While Uzbekistan joining the EEU looks probable (see EDM, October 14), recent remarks by Foreign Minister Andulaziz Kamilov at the United Nations Security Council might hint that discussions on a return to the CSTO are premature. In his speech, Kamilov underscored that the Central Asian countries are all able to defend themselves against foreign threats, particularly those coming from Afghanistan. He publicly criticized framing Central Asia as a possible hotbed of extremism, noting, “For the last 25 years, we hear about Central Asia being about to explode any time; but this has so far never materialized” (Podrobno.az, September 28). He pointed out that Uzbekistan does not perceive the extremist threat as serious and thus has not need for active protection by any outside power. Moreover, to join the CSTO, Uzbekistan would first need to modify its Foreign Policy Concept, which establishes that the country has non-aligned status and will not join military alliances nor allow foreign military bases on its territory (Ritmeurasia.org, October 1).
Tajikistan, which hosts Russia’s largest military base abroad (the 201st base), is the only CSTO member that shares a border with Afghanistan. Some limited-scope Tsentr 2019 drills were held at Tajikistan’s Laur and Sambuli training grounds (Sputnik News, September 23). Interestingly, the country has also noticeably intensified military cooperation with China, Russia’s main competitor in the region. Just a few weeks before Tsentr 2019, in mid-August, Dushanbe and Beijing held exercises involving around 1,200 troops in total (RFE/RL, August 13).
The other small Central Asian republic, Kyrgyzstan, on the other hand seems dedicated to expanding military cooperation with Russia. Kyrgyzstani President Sooronbai Jeenbekov was the only foreign leader attending the opening of Tsentr 2019, in Orenburg (Elezgit.kg, September 21). About 500 soldiers from the Central Military District of the Russian Federation arrived in Kyrgyzstan for joint drills (Orbita.kg, September 23). This year, both countries also agreed to expand the Kant airbase—Russia’s major military installation in Kyrgyzstan (Rosbalt, April 1). Moreover, speculation has been rampant that the two governments are considering opening a second Russian military base on Kyrgyzstani soil. Russian Deputy Foreign Minister Grigory Karasin confirmed that Bishkek offered Moscow a second base two years ago but also noted that the issue is not currently under discussion (Sputnik.kg, July 20).

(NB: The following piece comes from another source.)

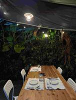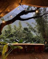 悬挂着灯串、餐具整齐摆放在木头餐桌上,紧邻着山壁用餐还是一次,太喜欢这边的环境了!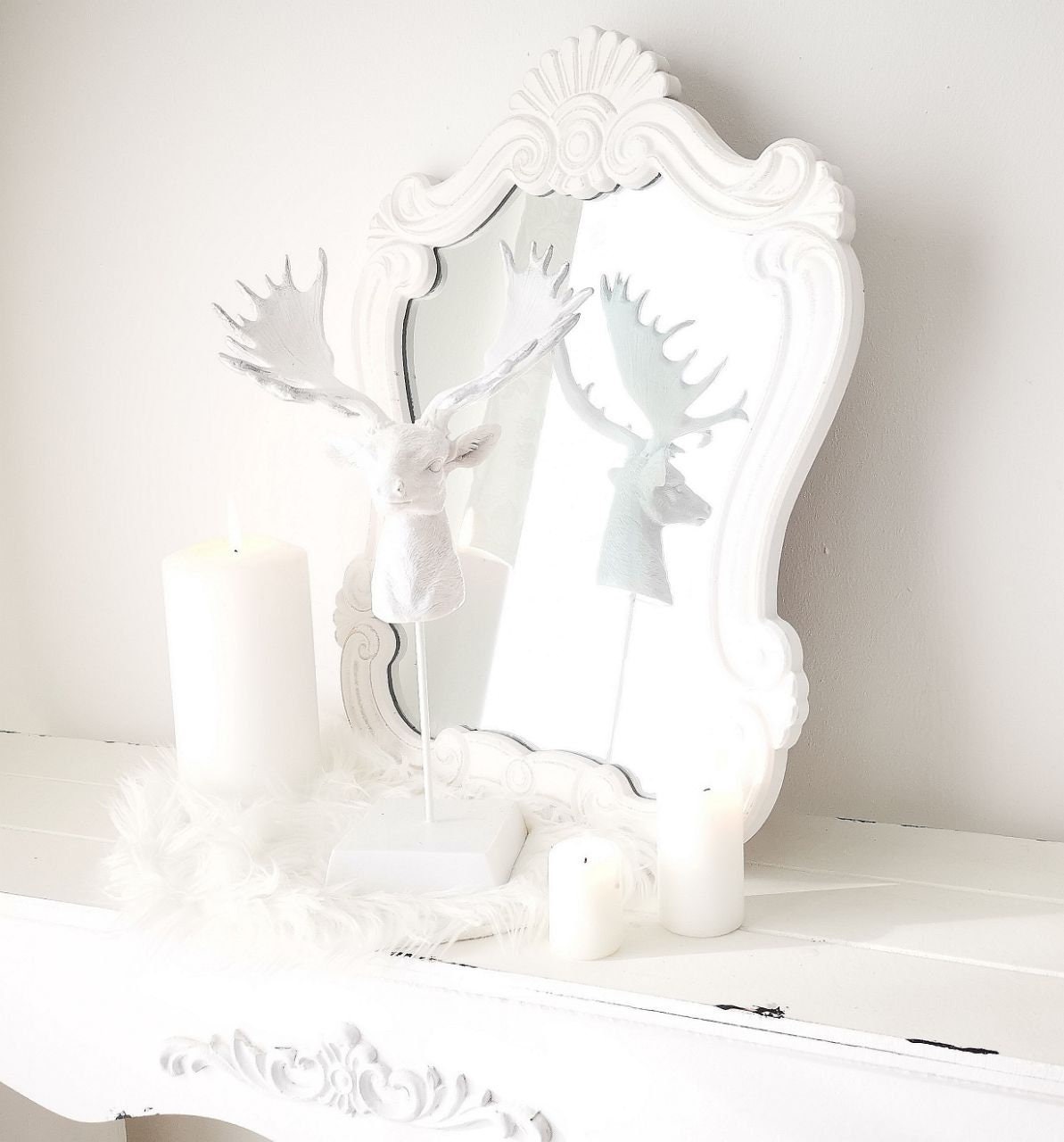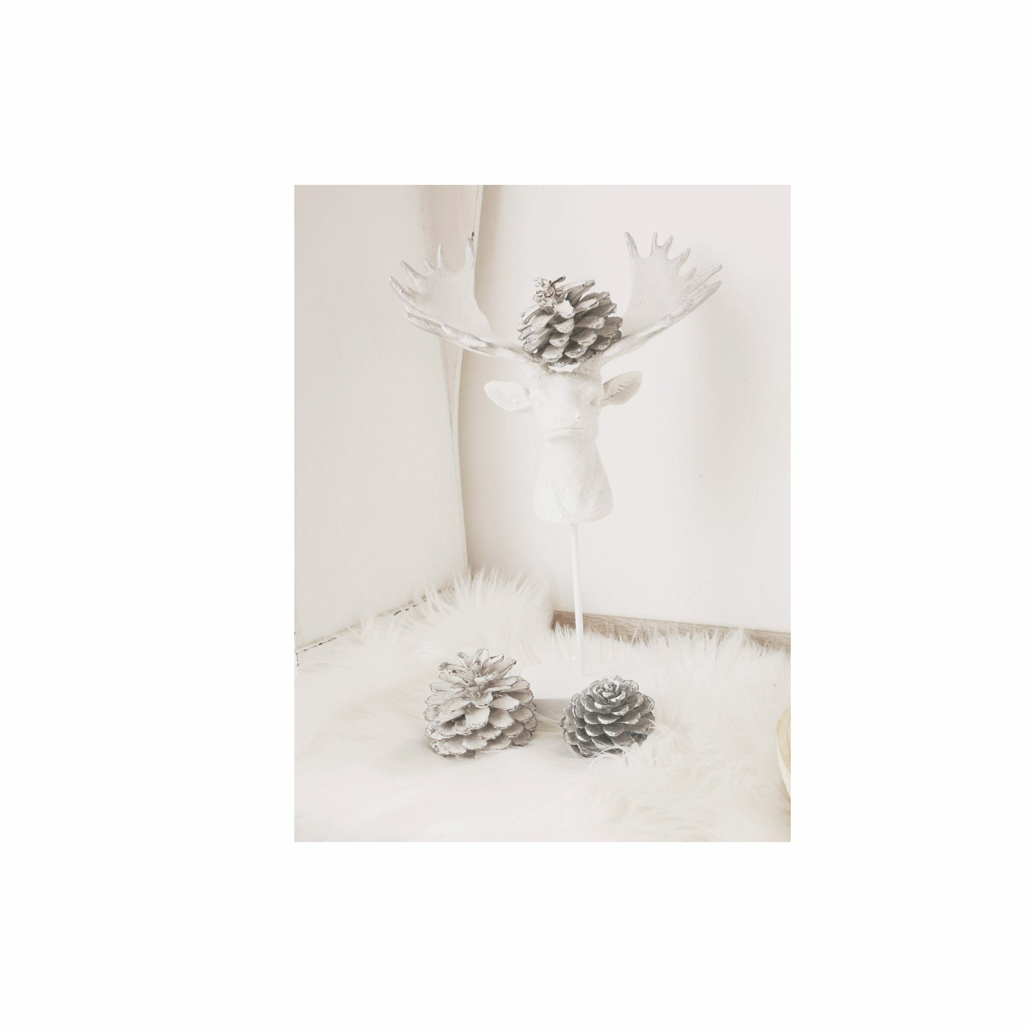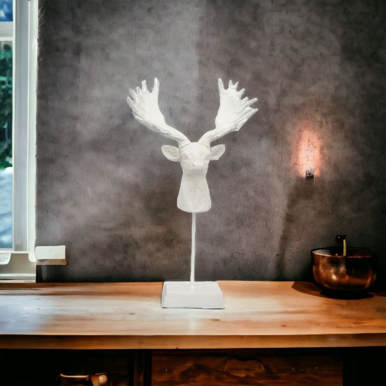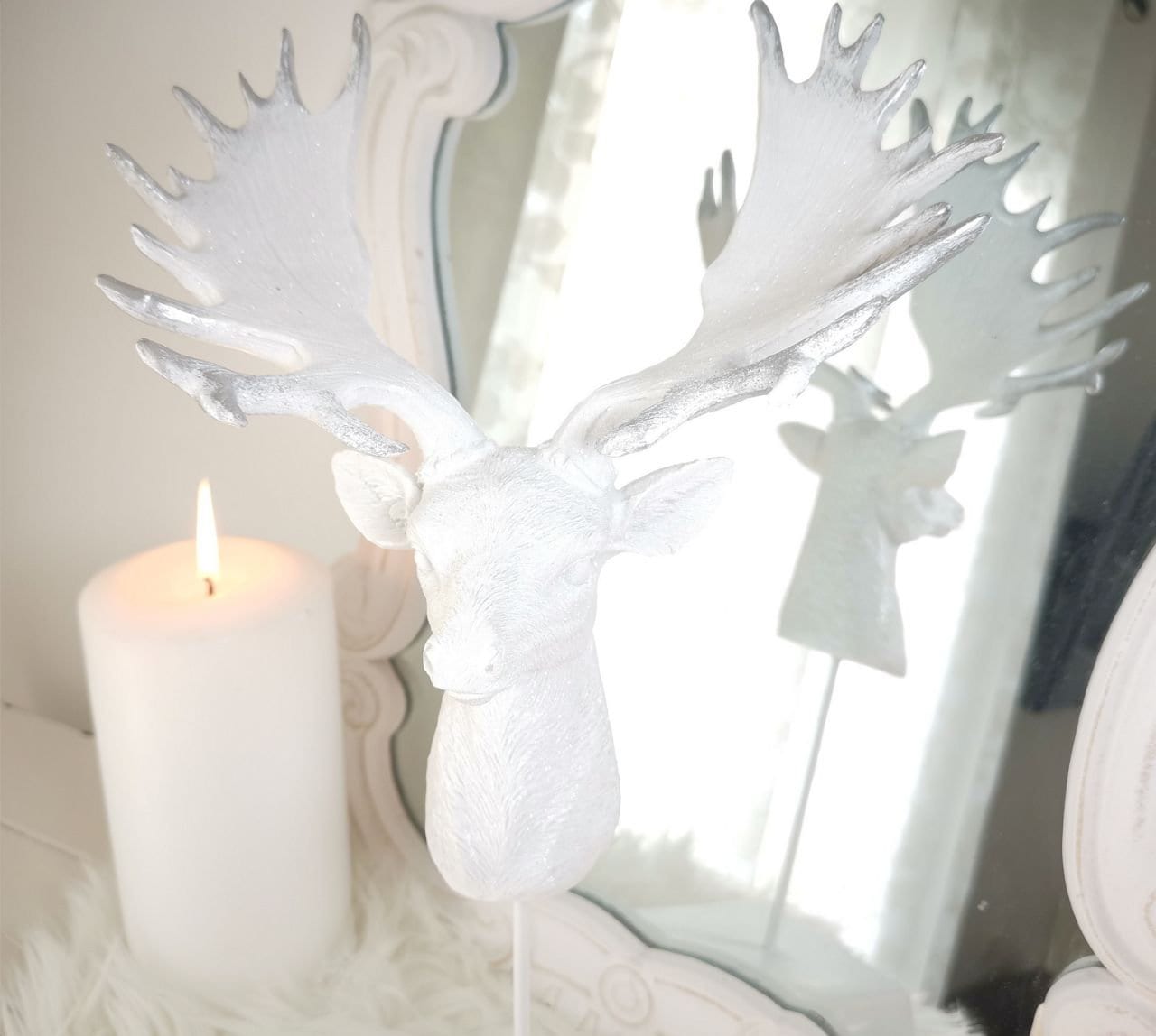 Enchanting white reindeer head lily fairy on stand in good heavy quality with light glitter finish made of polyresin.

While being a message to the West about Russian military capabilities, Tsentr 2019 additionally signaled the importance of Central Asia to Moscow’s security considerations. And it has once more demonstrated the willingness of the Central Asian countries to accept Russia’s exceptional role in regional security affairs. Although China has successfully challenged Russia’s economic position in the region, Moscow continues to dominate military-security relations in Central Asia.